In deze zaak, die zich afspeelt in het kader van een bevoegdheidsincident, vordert de buitenlandse rechtspersoon RBS GROUP (AUSTRALIA) PTY LTD (hierna: RBS Australia) als derde-medeverzekerde van AIG EUROPE S.A. (hierna: AIG) een verzekeringsuitkering. RBS Australia heeft een schikkingsbedrag van AUD 11 miljoen betaald in een procedure tegen AECOM Australia Pty Ltd, en vordert nu dat AIG dekking verleent onder de BusinessGuard Directors & Officers-verzekeringpolis. AIG heeft echter een beroep gedaan op het arbitragebeding in de polisvoorwaarden en stelt dat de rechtbank zich onbevoegd moet verklaren om van de vordering kennis te nemen. De rechtbank oordeelt dat RBS Australia ondubbelzinnig afstand heeft gedaan van haar recht op toegang tot de overheidsrechter door het arbitragebeding te aanvaarden. De rechtbank verklaart zich onbevoegd om kennis te nemen van de vordering van RBS Australia en veroordeelt haar in de proceskosten. Dit vonnis is gewezen op 29 januari 2025.

Uitspraak

vonnis

RECHTBANK ROTTERDAM

Team handel en haven
zaaknummer / rolnummer: C/10/682569 / HA ZA 24-601
Vonnis in incident van 29 januari 2025
in de zaak van
de buitenlandse rechtspersoon
RBS GROUP (AUSTRALIA) PTY LTD,
gevestigd te Melbourne, Australië,
eiseres in de hoofdzaak,
verweerster in het bevoegdheidsincident,
advocaat mr.
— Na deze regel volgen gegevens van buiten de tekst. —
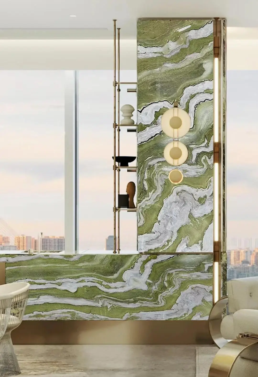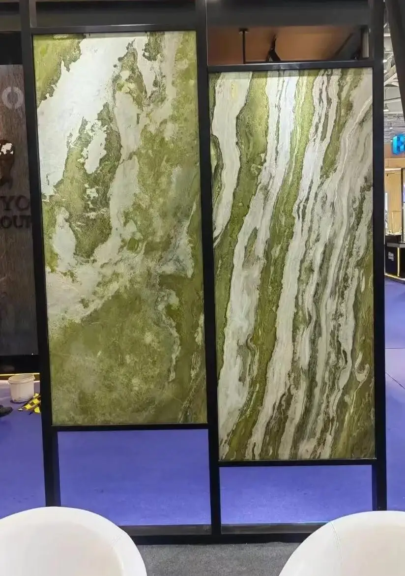 Lastra di marmo verde di lusso moderna e di alta qualità con bellissimo motivo, per rivestimento murale interno di hotel e ville, retroilluminata e trasparente

E.E. Krikke te Rotterdam,
tegen
de buitenlandse rechtspersoon
AIG EUROPE S.A.,
gevestigd te Luxemburg, Luxemburg,
gedaagde in de hoofdzaak,
eiseres in het bevoegdheidsincident,
advocaat mr. J.B. Londonck Sluijk te Amsterdam.
Partijen zullen hierna RBS Australia en AIG genoemd worden.

1.De procedure

1.1.
Het verloop van de procedure blijkt uit:
  • de dagvaarding van 5 juli 2024, met producties 1 tot en met 22;
  • de incidentele conclusie tot onbevoegdheid, met producties 1 en 2;
  • de conclusie van antwoord in het bevoegdheidsincident.
1.2.
Ten slotte is vonnis bepaald in het bevoegdheidsincident.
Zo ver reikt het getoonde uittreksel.